Прочитав сие в тот же вечер. Лев Федорович сказал полушутливо: «Откуда такие мысли, Виталий Николаевич? Уж не говорит ли вашим языком комиссар Чичерин, племянник знаменитого Чичерина, чьи лекции в Московском университете, вероятно, слушали вы либо ваш учитель Ключевский?». Увидев, что мне не до шуток, чуткий Лев Федорович избрал иную тактику для успокоения меня и даже процитировал Марка Аврелия: «Измени свое мнение о тех вещах, которые тебя огорчают, — и ты будешь в полной безопасности от них», надеясь отвратить меня от дела бесперспективного и по нынешним временам далеко не безопасного. Мы заспорили. И впервые закончили разговор, недовольные друг другом.
Статья, однако, была написана. Надо было ее публиковать. Началась вторая моя одиссея — по редакциям газет и журналов. И — скажу сразу — была она ничуть не легче предыдущей. В двух «ведомствах» мне вернули сочинение мгновенно, чуть не вытолкав взашей и обозвав «ренегатом». В третьем фальшиво улыбающийся рыжеватый господин посоветовал мне оставить статью и наведаться через недельку-другую, ибо стесненные материальные обстоятельства заставили его уволить большое число сотрудников, а оставшиеся едва управляются с текущими номерами. Я обратился в газету «Общее дело» к Владимиру Львовичу Бурцеву, которого имел честь знать еще в Петербурге, хотя и недостаточно коротко.

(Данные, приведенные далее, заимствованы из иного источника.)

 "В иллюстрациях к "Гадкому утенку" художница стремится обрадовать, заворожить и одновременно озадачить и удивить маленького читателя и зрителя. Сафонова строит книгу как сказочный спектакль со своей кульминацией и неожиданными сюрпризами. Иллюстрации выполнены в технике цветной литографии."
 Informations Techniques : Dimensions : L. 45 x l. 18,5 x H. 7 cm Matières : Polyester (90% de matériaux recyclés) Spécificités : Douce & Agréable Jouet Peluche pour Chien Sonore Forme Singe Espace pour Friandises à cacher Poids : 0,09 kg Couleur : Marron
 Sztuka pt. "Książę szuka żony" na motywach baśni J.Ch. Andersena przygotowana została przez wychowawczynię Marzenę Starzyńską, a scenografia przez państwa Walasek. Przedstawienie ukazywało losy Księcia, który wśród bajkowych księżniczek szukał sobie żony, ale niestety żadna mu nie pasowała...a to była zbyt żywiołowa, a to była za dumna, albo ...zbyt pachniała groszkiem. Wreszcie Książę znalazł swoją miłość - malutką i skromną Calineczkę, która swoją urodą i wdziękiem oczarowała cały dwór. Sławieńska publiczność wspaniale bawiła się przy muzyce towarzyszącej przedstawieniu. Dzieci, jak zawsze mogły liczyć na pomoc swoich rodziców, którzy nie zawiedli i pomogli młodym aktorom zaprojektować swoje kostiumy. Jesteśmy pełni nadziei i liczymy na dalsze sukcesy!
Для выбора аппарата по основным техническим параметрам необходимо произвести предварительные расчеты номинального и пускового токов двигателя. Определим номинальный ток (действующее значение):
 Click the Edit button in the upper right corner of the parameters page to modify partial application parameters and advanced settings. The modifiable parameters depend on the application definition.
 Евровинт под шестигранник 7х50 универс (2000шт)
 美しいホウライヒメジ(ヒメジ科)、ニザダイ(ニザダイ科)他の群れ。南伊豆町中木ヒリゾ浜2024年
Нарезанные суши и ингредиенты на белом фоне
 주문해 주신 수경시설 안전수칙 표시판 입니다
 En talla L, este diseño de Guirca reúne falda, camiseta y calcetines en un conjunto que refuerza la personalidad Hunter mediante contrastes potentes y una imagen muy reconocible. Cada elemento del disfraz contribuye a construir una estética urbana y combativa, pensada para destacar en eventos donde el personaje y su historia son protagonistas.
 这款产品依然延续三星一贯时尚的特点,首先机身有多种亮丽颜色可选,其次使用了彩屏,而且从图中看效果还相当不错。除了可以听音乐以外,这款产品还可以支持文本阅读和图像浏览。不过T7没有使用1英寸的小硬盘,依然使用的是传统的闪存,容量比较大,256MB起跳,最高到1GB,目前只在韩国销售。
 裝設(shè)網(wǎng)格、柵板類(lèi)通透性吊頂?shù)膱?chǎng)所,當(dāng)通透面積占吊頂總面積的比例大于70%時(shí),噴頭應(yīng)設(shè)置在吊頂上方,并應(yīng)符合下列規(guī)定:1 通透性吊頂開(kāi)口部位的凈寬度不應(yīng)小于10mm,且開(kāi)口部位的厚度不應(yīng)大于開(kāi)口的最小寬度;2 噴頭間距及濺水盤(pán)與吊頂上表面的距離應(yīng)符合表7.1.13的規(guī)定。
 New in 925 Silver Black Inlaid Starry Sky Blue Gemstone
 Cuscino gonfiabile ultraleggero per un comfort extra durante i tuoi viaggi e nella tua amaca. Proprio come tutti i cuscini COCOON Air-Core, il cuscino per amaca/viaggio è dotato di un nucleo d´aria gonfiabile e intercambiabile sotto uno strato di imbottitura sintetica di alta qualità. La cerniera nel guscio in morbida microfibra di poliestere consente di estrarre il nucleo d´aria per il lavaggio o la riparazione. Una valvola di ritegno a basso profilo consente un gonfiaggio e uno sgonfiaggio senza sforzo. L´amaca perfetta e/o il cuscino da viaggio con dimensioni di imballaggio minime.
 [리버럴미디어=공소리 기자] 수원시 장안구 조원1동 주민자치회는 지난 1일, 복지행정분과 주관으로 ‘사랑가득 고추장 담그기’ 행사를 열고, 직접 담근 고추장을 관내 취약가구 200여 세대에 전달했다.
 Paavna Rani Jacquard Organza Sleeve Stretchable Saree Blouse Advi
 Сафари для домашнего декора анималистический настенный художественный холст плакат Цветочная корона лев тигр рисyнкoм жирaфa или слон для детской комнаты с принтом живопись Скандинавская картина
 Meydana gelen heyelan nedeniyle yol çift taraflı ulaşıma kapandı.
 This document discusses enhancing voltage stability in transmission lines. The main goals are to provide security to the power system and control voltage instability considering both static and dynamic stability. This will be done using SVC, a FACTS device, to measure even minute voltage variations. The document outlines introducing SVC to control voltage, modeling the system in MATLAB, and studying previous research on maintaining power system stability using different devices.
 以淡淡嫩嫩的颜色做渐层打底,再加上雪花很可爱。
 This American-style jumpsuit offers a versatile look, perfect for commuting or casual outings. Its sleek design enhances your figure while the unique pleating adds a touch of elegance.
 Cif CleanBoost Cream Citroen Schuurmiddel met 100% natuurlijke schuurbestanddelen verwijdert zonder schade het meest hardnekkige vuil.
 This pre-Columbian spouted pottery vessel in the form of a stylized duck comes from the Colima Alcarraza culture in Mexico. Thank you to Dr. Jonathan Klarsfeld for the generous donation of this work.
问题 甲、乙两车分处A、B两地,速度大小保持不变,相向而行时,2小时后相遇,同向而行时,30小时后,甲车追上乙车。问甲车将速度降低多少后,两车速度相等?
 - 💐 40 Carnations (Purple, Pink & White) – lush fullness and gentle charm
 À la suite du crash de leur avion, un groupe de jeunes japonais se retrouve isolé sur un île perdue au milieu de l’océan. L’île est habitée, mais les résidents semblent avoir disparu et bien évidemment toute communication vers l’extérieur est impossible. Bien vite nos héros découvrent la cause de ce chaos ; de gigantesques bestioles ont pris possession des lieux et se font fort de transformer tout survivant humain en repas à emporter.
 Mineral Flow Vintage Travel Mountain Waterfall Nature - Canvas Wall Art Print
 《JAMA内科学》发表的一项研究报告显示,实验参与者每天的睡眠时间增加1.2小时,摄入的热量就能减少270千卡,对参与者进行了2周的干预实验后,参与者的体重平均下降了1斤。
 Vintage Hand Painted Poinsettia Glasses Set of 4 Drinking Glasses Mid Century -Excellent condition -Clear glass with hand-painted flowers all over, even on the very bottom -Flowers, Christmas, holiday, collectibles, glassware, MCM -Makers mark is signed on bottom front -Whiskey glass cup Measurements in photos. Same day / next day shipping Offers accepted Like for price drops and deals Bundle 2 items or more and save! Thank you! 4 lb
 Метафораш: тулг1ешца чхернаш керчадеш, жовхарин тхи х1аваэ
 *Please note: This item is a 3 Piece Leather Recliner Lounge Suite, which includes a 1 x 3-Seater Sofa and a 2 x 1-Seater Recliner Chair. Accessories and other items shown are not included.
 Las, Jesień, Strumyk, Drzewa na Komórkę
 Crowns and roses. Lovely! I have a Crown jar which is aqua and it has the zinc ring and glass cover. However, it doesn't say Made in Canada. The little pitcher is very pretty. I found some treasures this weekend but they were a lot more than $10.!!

И не очень стремился к этому, ибо, отдавая должное его уму и проницательности, не одобрял его деятельности, направленной целиком к раскрытию тайных агентов одного из политических лагерей, работающих в стане другого, из, которой дело Азефа, разоблаченного им, без сомнения вскружило ему голову...
Я застал господина Бурцева в жалкой каморке, служащей ему одновременно редакцией и жильем. Вид его был ужасен, да и мой, судя по всему, тоже: мы с трудом узнали друг друга. Я сказал ему о цели визита. Бурцев ответил — в этой истории его интересует лишь деятельность Тизенгаузена, Павла Долгорукова и присных — шайки расхитителей казны, к которой главнокомандующий не имеет никакого отношения, ибо помыслы его благородны, бескорыстны и направлены на сохранение и на благо армии, оказавшейся за рубежом. Несмотря на явно бедственное свое положение, господин Бурцев оставался по-прежнему самоуверенным, самовлюбленным, тщеславным, горячим и властным. Хотя и изменившим довольно свои политические взгляды в сторону утверждения монархических принципов. Мы заспорили. Многоуважаемый Владимир Львович обвинил меня чуть ли не в измене национальным интересам, столь характерной в последнее время для русской эмигрантской интеллигенции. (В этой связи был, конечно, упомянут и писатель А. Н. Толстой и его письме к Чайковскому.) Я возразил: пренебрежение господина Бурцева к отечественной интеллигенции напоминает мне высказывание фрейлины Вырубовой, цитировавшей не раз мнение Николая II Романова. На просьбу напомнить это высказывание я произнес: «Когда «папа» говорит «интеллигенция», у него бывает такая же физиономия, какая бывает у моего мужа, когда он говорит „сифилис" ». Взбешенный Бурцев сдержался, однако, и справедливо заметил, что нам обоим, кои причисляют себя к русской интеллигенции, не пристало обращаться друг к другу в подобном тоне, тем более, что из-за недостатка времени принужден он вернуться к основной теме беседы. И резюмировал свою позицию весьма четко: он готов напечатать мою статью. Однако хотел бы видеть ее касающейся лишь казны ее непосредственных расхитителей. Я сказал, что подумаю. На том и расстались...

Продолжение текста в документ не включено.